Bates Smart’s design for developer Ecove Group was based on creating a relatable, fun, playful and tactile building for young children attending the centre. Nestled adjacent to the recently completed 36-storey Opal Tower apartments, also designed by the Bates Smart team, the series of seven pavilions making up the learning centre are sure to delight the senses of every child who enters its doors.

Bates Smart was able to meet their design objectives by combining a thoughtful, creative design with a highly colourful and tactile material palette, driven by bricks.

Though the building is integrated into the new Opal Tower development, the Woodstock ELC stands alone as seven distinct pentagonal pavilions, replicating the five sides of the site’s boundaries. Four of the pavilions are playrooms, arranged around a common outdoor play area, and the remaining three house administration and support spaces. Curved corners and pitched rooves, sloping in different directions, complete the pavilions’ unique design.
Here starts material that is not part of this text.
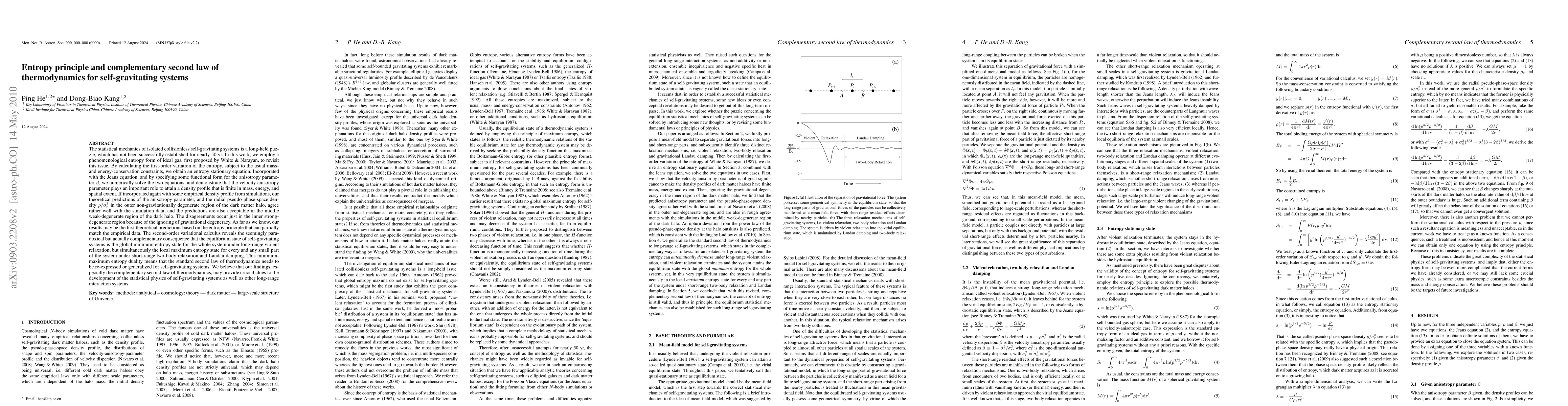 This paper revisits the statistical mechanics of self-gravitating systems using a phenomenological entropy form, demonstrating that the velocity anisotropy parameter is crucial for finite density profiles. It proposes a complementary second law of thermodynamics for these systems, revealing a minimum-maximum entropy duality that challenges traditional thermodynamic interpretations.

Jonathan Claridge, Associate, Bates Smart explains, “The pitched roof was designed to echo a typical residential building… and we used curved corners to make the building appear more welcoming and softer, breaking down the scale and making it feel a little more residential or domestic in scale so it wouldn’t be so daunting for the children attending the childcare – so it would seem like a more fun and playful building.”

Following DA approval and prior to construction, Bates Smart worked closely with Robertson’s Building Products “to determine the specification of those curved bricks, what the radius of those corners could be and the various custom bricks types that were required to achieve those curves,” Jonathan remarks.

Bricks were important to the Centre’s design for their domestic quality and for the scale, size and texture that they added to a design.

Jonathan explains that they liked the idea of bricks being a textural experience for the children, so they’d be more willing to touch and feel the building. Exploring the idea further, they decided to use glazed bricks to elevate this domestic material into something more special. The glaze made the building more colourful, really reinforcing its playful nature.

After consulting with Peter Robertson, the Bates Smart team selected five different Robertson’s Building Products glazed bricks for the ELC comprising of four custom greens and a light grey. The glazed bricks complemented Opal Tower’s green façade, which took its colours and hues from the surrounding Bicentennial Park.

“The way that the light reflects off the bricks at different times of the day is one of those unexpected qualities, and the appearance changes throughout the day; the way the light hits the face of the building and the curves is particularly pleasing,” Jonathan comments.

The glazed bricks are also a little different with a slight texture instead of just a flat coat of glazing. The slightly uneven texture lends a unique quality to each brick, adding to the reflective nature of the brick and producing a more interesting appearance.

When Woodstock ELC welcomes 80 young children through its doors, there is no doubt they will react just as the Bates Smart team expects them to – with absolute delight and excitement at having a fun and interactive environment in which to learn and play.